Combine sufficient statistics with other accumulators sharing a matching key.

Parameters:

stats_dict (Dict[str, Any]) – Dictionary mapping keys to accumulators.

Returns:

None.

Return type:

None

key_replace(stats_dict)[source]

Replace sufficient statistics with values from stats_dict for a matching key.

Parameters:

stats_dict (Dict[str, Any]) – Dictionary mapping keys to accumulators.

Returns:

None.

Return type:

None

acc_to_encoder()[source]

Create DirichletDataEncoder object for encoding sequences of iid Dirichlet observations.

Return type:

DirichletDataEncoder

class DirichletAccumulatorFactory(dim=None, keys=None)[source]
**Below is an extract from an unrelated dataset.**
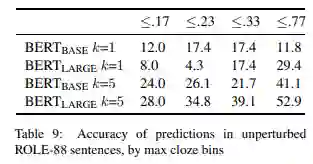 表 8 显示了这些扰动单独和一起的结果。我们观察到几个显著的模式。首先,删除对象(“-Obj”)或者主题(“-Subj”)对 BERT(BASE)k=1 或者 k=5 的精确度影响相对较小。这与我们在 BERT(LARGE) 中看到的情况大不相同,当对象或主题信息被删除时,其准确性会大幅下降。这些模式表明,BERT(BASE) 不太依赖主语 - 宾语结构的完整细节,而是主要依赖于参与动词预测的名词中的一个或另一个。另一方面,BERT(LARGE) 似乎对这两个名词都做了大量的使用,这样一来,任何一个名词的丢失都会对预测的准确性造成非平凡的破坏。

Bases: StatisticAccumulatorFactory

DirichletAccumulatorFactory object for creating DirichletAccumulator objects.

Parameters:
  • dim (int | None)

  • keys (str | None)

make()[source]

Returns a new DirichletAccumulator with the factory’s dim and keys.

Return type:

DirichletAccumulator

class DirichletEstimator(dim=None, pseudo_count=None, suff_stat=None, delta=1.0e-8, keys=None, use_mpe=False, name=None)[source]

Bases: ParameterEstimator

DirichletEstimator object for estimating a Dirichlet distribution from aggregated sufficient statistics.

Parameters:
accumulator_factory()[source]

Create DirichletAccumulator object from attributes variables.

Return type:

DirichletAccumulatorFactory

estimate(nobs, suff_stat)[source]

Estimate a Dirichlet distribution from aggregated sufficient statistics.

Suff_stat is a Tuple of size 4 containing:

suff_stat[0] (float): Sum of observation weights. suff_stat[1] (np.ndarray): Weighted sum of the log of observation vectors. suff_stat[2] (np.ndarray): Weighted sum of observation vectors. suff_stat[3] (np.ndarray): Weighted sum of squared observation vectors.
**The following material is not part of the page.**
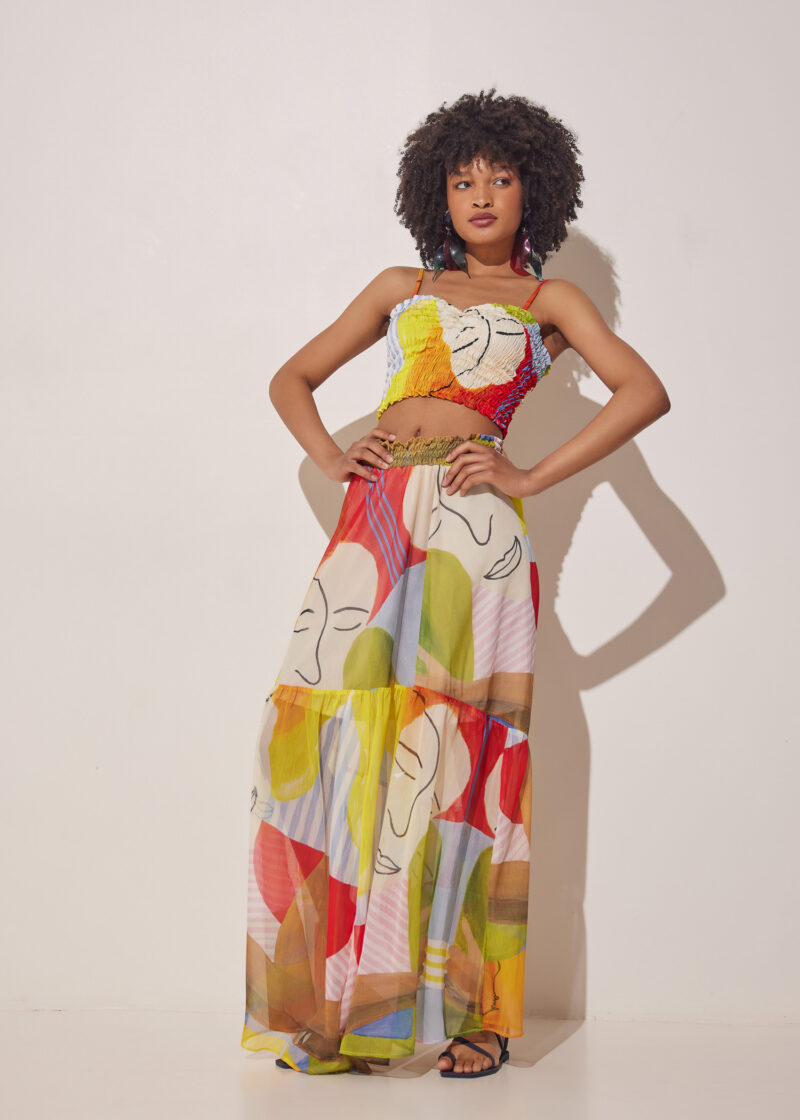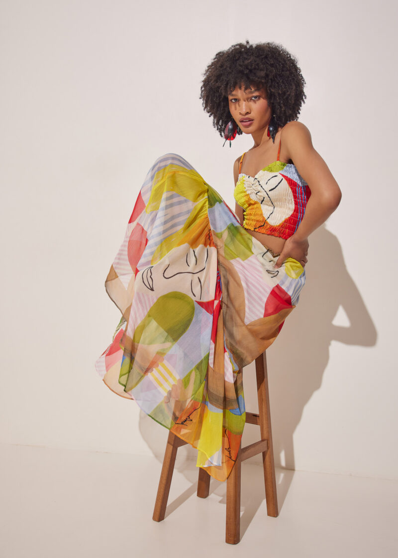 This airy exquisite one-size boho maxi skirt printed in hug line painting on fabric art is made of luxurious silk layers, with a short inner skirt, making our way lighter into the summer season. The SELF-LOVE handmade print is gathered in two tiers, creating breezy movement as you walk. The waist is made from a soft gathered elastic band and the inner lightweight silky skirt is short length. Loose silk fabric elevates summer looks. Create amazing outfits with matching Joy top made of natural fabrics tailored 100% in Greece.

The concentration parameters are solved from the mean-log-probability sufficient statistic with a fixed-point solver (dirichlet_param_solve, or find_alpha when use_mpe is set).

Parameters:
  • nobs (Optional[float]) – Not used. Counts are taken from suff_stat[0].

  • suff_stat (Tuple[int, np.ndarray, np.ndarray, np.ndarray]) – See above for details.

Returns:

DirichletDistribution object.

Return type:

DirichletDistribution

class DirichletDataEncoder[source]

Bases: DataSequenceEncoder

DirichletDataEncoder object for encoding sequences of iid Dirichlet observations.

seq_encode(x)[source]

Encode a sequence of iid probability-vector observations for vectorized ‘seq_’ calls.

Parameters:

x (Sequence[Sequence[float]]) – Sequence of length-dim probability vectors.

Returns:

Tuple of (log of observations clipped away from zero, observations, squared observations).